I had such high hopes for what I’d achieve during my Fly Gear Gap Year. The level of support from the fraternity was humbling and I was desperate to repay it with astonishing strides forward in my fly fishing aptitude. Then, 17 days into my Gap Year, disaster stuck in the form of an obliterated ACL. So much for big strides!

My 2018 Fly Gear Gap Year was now in the hands of the fly gods. I didn’t throw the fly rod in the bush, though… I hobbled along, taking whatever suitable opportunities came my way. Whilst I couldn’t fish as hard or as often as I had planned, there were videos to watch, inspirational people to interview and quiz, a yard to practice in and plenty of time for visualisation and reflection.

Since December 31, I’ve frequently marvelled at how much I learned from my Gap Year, despite the debilitation. Whilst I didn’t pick up as much active experience as I was hoping for, I learned an enormous amount.

Revelation: Just how much my fly fishing improved was made patently obvious to me during May.

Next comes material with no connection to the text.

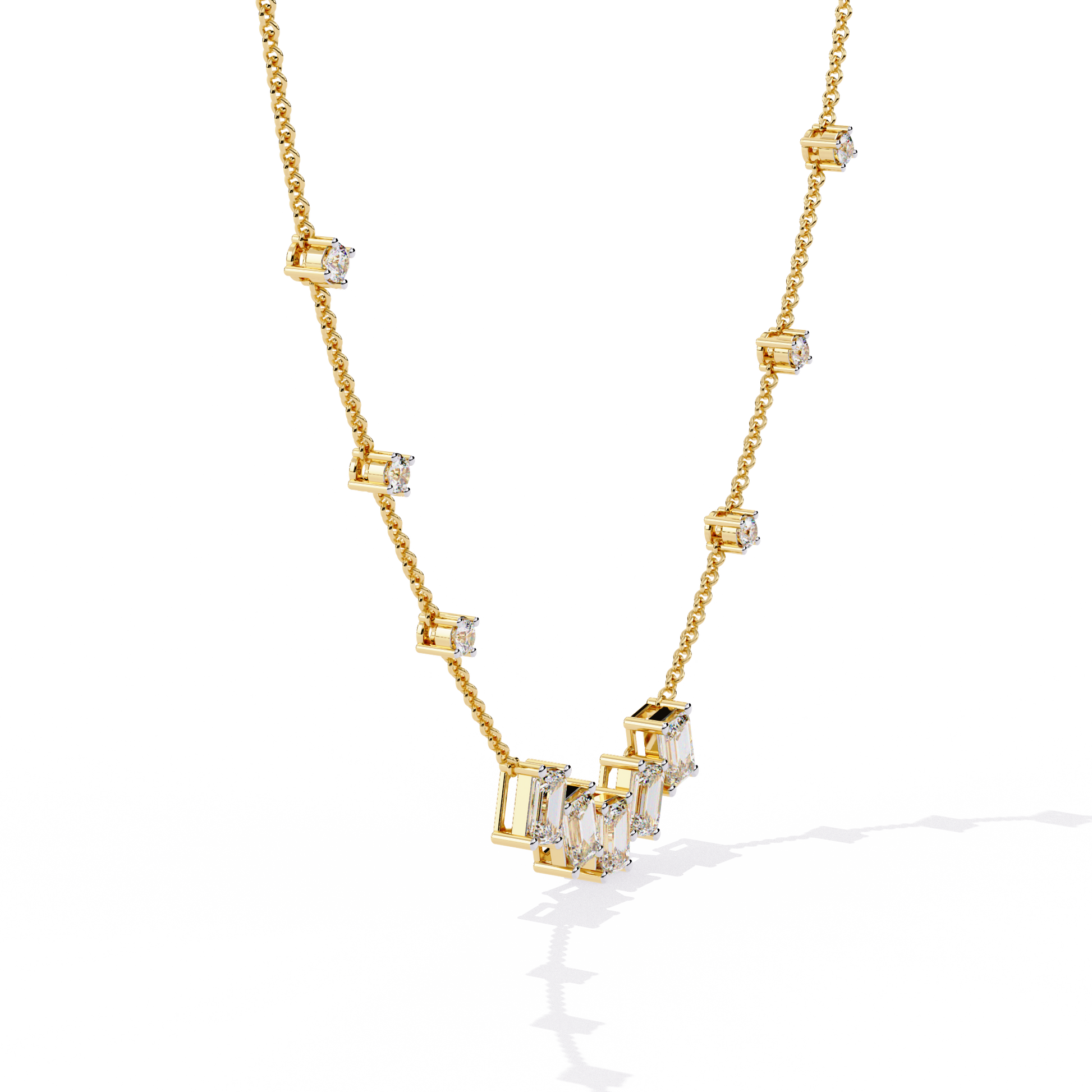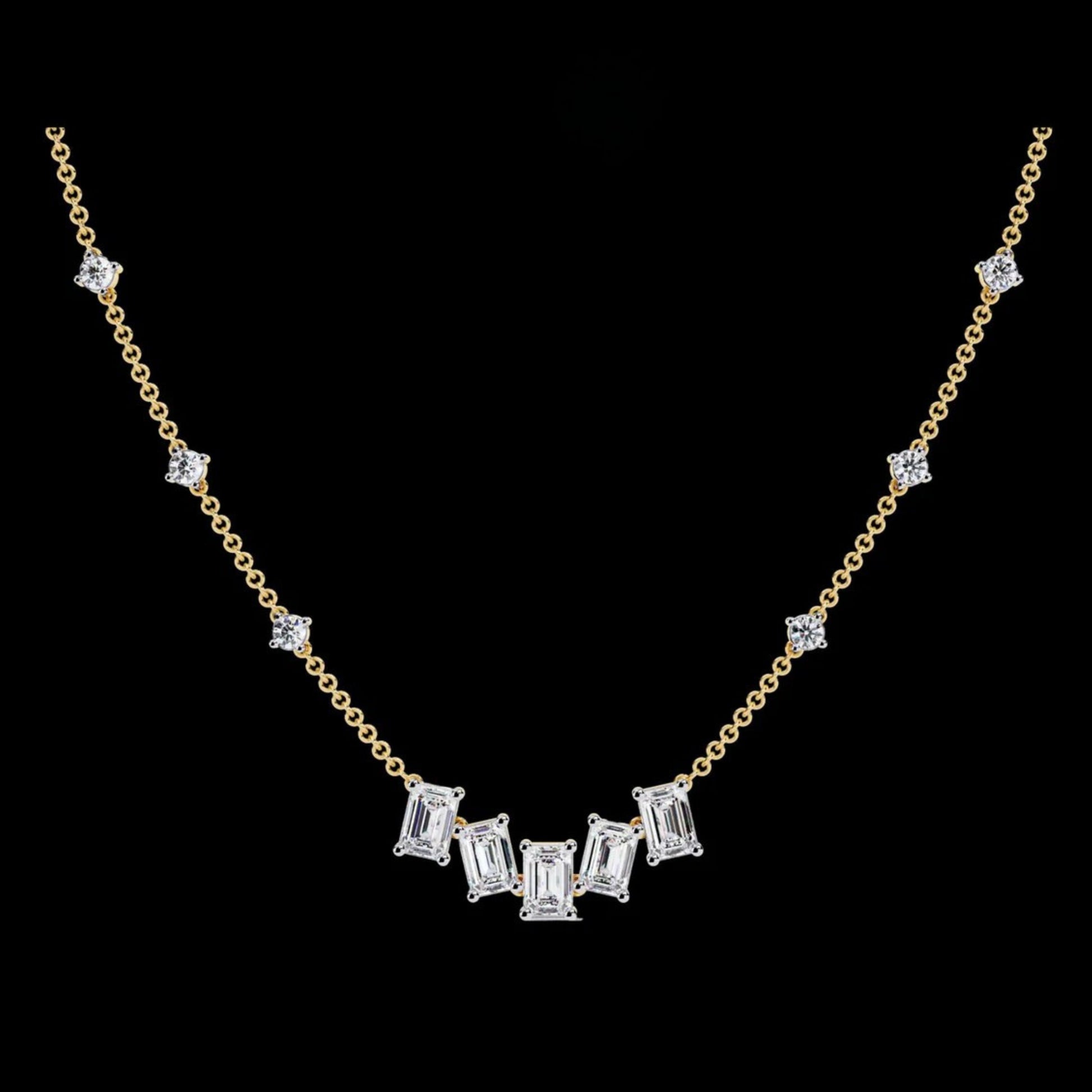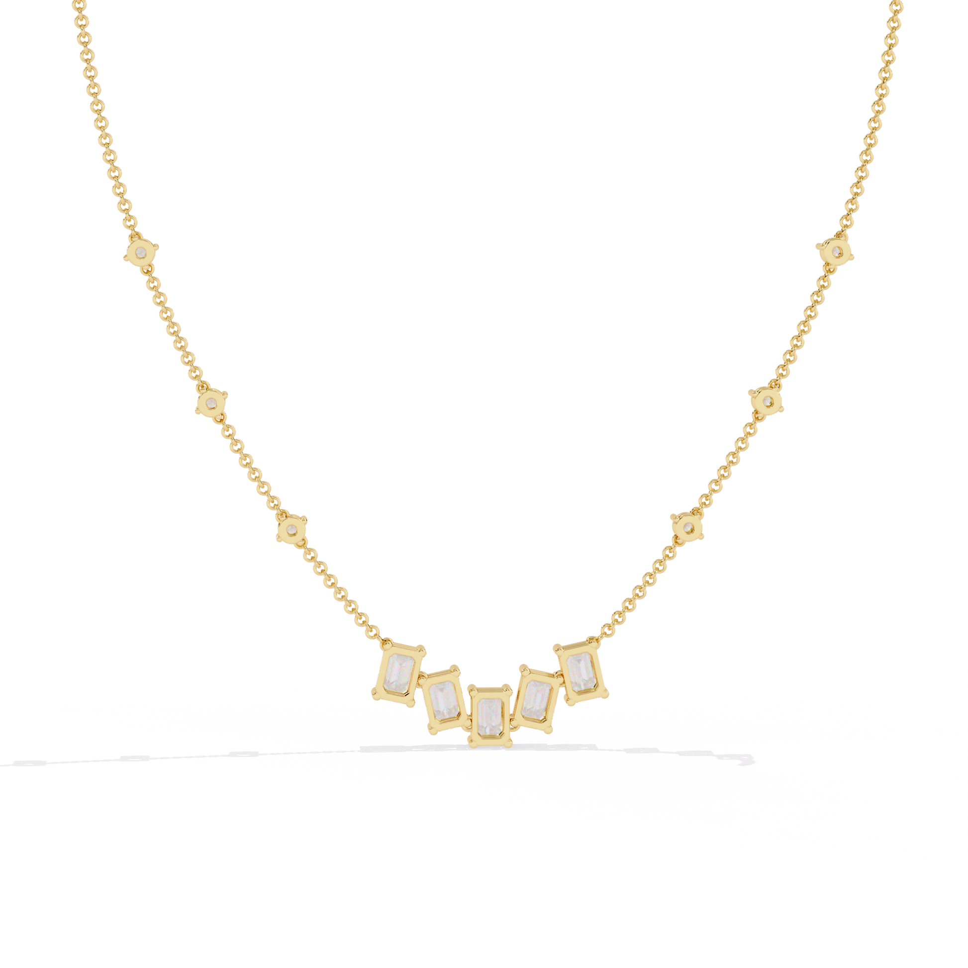 This necklace features a refined gold chain adorned with evenly spaced round diamonds that lead to a striking arrangement of emerald-cut diamonds at the center, creating a graceful balance of sparkle and sophistication. The geometric brilliance of the emerald stones contrasts beautifully with the softer shimmer of the round accents, giving the piece a modern yet timeless elegance. Its delicate structure and radiant detailing make it an ideal accessory for both everyday luxury and special occasions by Ivevar.

As I strode the home stretch towards my rehabilitation goal of walking streams by the end of the month, a tempting opportunity arose… to walk some trout lakes with Victorian fly legends, Val and Bob Young! Of course, I didn’t hesitate (don’t tell the doc).

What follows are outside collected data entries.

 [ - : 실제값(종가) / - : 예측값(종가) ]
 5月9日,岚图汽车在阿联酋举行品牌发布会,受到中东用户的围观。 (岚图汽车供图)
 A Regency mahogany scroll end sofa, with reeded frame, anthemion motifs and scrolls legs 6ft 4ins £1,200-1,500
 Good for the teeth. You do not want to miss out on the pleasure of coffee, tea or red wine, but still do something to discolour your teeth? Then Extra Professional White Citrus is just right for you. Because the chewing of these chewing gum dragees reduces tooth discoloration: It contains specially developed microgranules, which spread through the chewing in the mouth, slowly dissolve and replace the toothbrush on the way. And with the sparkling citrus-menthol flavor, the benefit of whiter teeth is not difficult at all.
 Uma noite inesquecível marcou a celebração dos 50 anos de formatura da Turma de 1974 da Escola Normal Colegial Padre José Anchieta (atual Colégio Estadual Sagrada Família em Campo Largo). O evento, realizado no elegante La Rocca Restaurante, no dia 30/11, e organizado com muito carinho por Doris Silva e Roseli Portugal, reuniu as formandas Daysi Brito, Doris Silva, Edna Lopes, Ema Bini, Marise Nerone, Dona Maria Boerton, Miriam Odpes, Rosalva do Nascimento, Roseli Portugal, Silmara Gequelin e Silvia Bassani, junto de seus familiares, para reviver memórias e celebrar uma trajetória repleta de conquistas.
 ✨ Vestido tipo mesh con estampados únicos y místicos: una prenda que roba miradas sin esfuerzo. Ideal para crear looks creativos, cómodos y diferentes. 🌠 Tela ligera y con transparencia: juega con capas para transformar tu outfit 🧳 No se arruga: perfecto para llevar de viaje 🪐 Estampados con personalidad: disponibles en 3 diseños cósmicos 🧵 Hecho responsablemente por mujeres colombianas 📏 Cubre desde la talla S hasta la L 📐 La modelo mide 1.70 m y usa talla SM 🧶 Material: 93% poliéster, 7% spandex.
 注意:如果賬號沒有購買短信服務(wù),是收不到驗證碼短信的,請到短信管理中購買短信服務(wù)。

The fly deities were feeling mischievous on the day the Youngs picked me up. It was a glorious morning for a drive, but just before we arrived at Millbrook Lakes, a gnarly autumnal wind began to fill its bellows and by the time we hit the water, it was literally a gale.

Casting in wind was objective #1 of my Fly Gear Gap Year. Not for the first time, the gods had set me a practical exam!

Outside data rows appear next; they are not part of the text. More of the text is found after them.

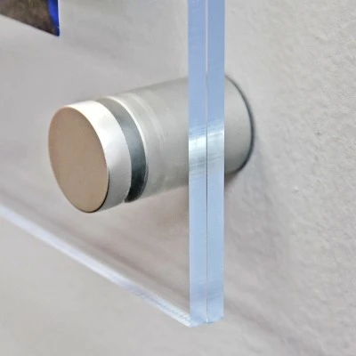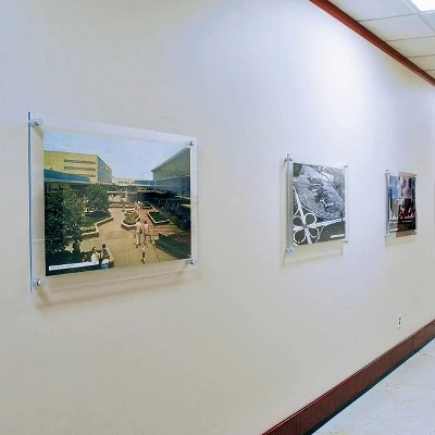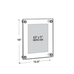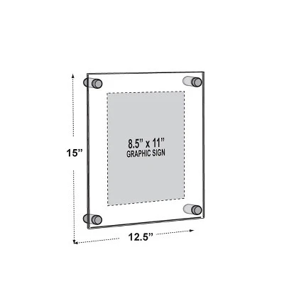These classy one-sided Wall Mount Floating Frames are ideal for displaying artwork, photos, posters or branding in your office, home or at an event. These clear double panel floating frames with silver caps are strong, stable, as well as easy to clean and maintain. The innovative design holds your artwork or picture in place without it moving or slipping at all. Add elegance to your professional environment with Azar’s clear acrylic gallery frames with silver satin aluminum caps and standoffs. Frames can be used vertically or horizontally. Each floating sign holder frame set includes 2 acrylic panels that are 3/16 thick, 4 silver standoff caps and hanging hardware. Note: Large format sizes: 24 x 36 and 30 x 40 include 6 standoffs and caps. Easy to change the sign or photo, simply unscrew the front silver cap and switch out the graphic. There is no need to remove the frame from the wall once it is affixed. The edges are flame polished giving these floating picture holders a high end finish with a touch of fancy. Hang these beautiful acrylic frames in boutiques, museums, trade shows, hotel lobbies, restaurants, retail stores, schools, at work or at home. Sold in Multiples of 1. Sold in Multiples of: 1 Material: Acrylic (3/16 thick) Frame Orientation: Portrait/Landscape Poster Measurement: 8.5 x 11 Overall Frame Measurement: 12.5 x 15 Includes: Four 1 SILVER diameter aluminum standoffs and caps, and four all purpose screws with anchors. (Gold Cap Hardware can be purchased as an add-on item.) Color: Clear
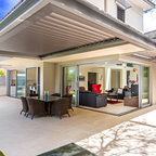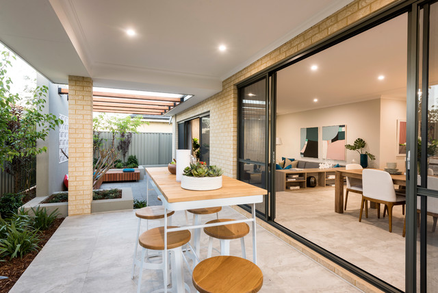 Inspiration for a contemporary backyard patio in Perth with tile and a roof extension. — Houzz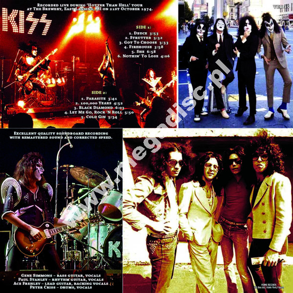 Wydany w bardzo atrakcyjnej, laminowanej okładce świetny, ponad 50-minutowy koncert Kiss (11 nagrań), zarejestrowany w październiku 1974 podczas trasy promującej LP "Hotter Than Hell"! Uwaga! Po raz pierwszy ten materiał brzmi odpowiednio - z poprawioną (szybszą) prędkością przesuwu taśmy! Wszystkie wcześniejsze wersje na winylu i na CD brzmiały zdecydowanie za wolno - co doskonale słychać na wersjach na YouTube! Ta zremasterowana i zdecydowanie lepsza edycja posiada znacznie więcej wysokich tonów i brzmi niemal doskonale! Edycja na niebieskim winylu. Stan: MINT (NOWA, niezafoliowana). (JL)

We hunted out sheltered positions, but fish don’t always share our opinion on the most favourable water in a fishing spot… in fact, they usually take the opposing view. Thus, it was a good while before the first fish was pinned.

Wind the clocks back a year and you wouldn’t have found me fly fishing in the spot where the fish were. It challenged my Fly Gear Gap Year objective #2: casting in tight quarters. It looked fishy though… a short bottleneck that connected two deeper basins in a lake. The banks were only about four metres apart and both lined with bush and trees. As if to ratchet up the intensity of this test, the passage of water lined up perfectly with the wind direction and was acting as a funnel for the gale.

I just love the energy in this pic of Bob Young releasing a quality rainbow, pinned at dusk on a buzzer emerger.
The first of two healthy rainbow hens that paid a visit to Jo's wind tunnel.

What was the point of my Fly Gear Gap Year, if not to give me the gumption to shake my rod at situations like this?! So I pushed through the trees and took up position.

My plan was to drop my Woolly Bugger as close to the opposite bank as possible — upwind — and slowly retrieve it back. With the trees at my back, I needed my roll casts to work (not a strong suit of mine). I found that I couldn’t get across the wind — even for such a small distance — in a single go, but a series of two to three consecutive roll casts seemed to do the job.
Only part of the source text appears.